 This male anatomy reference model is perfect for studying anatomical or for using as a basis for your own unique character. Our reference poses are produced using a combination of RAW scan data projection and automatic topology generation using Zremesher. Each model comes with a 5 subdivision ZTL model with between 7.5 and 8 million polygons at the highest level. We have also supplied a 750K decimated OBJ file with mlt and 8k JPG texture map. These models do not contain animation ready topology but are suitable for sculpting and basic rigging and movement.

========

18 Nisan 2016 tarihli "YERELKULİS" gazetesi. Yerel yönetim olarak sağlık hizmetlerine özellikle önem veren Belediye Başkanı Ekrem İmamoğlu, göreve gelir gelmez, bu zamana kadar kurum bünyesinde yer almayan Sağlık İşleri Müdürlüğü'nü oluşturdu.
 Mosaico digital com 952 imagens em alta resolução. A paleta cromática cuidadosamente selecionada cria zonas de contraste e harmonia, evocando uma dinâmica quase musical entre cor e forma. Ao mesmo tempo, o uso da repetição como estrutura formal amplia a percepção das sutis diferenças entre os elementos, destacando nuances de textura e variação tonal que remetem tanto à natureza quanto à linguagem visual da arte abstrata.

========

## TASK ITEM
Working from the records above, write out verbatim only the lines from the line containing "18 Nisan 2016" through the line containing "Mosaico digital com".

## TASK SOLUTION
18 Nisan 2016 tarihli "YERELKULİS" gazetesi. Yerel yönetim olarak sağlık hizmetlerine özellikle önem veren Belediye Başkanı Ekrem İmamoğlu, göreve gelir gelmez, bu zamana kadar kurum bünyesinde yer almayan Sağlık İşleri Müdürlüğü'nü oluşturdu.
 Mosaico digital com 952 imagens em alta resolução. A paleta cromática cuidadosamente selecionada cria zonas de contraste e harmonia, evocando uma dinâmica quase musical entre cor e forma. Ao mesmo tempo, o uso da repetição como estrutura formal amplia a percepção das sutis diferenças entre os elementos, destacando nuances de textura e variação tonal que remetem tanto à natureza quanto à linguagem visual da arte abstrata.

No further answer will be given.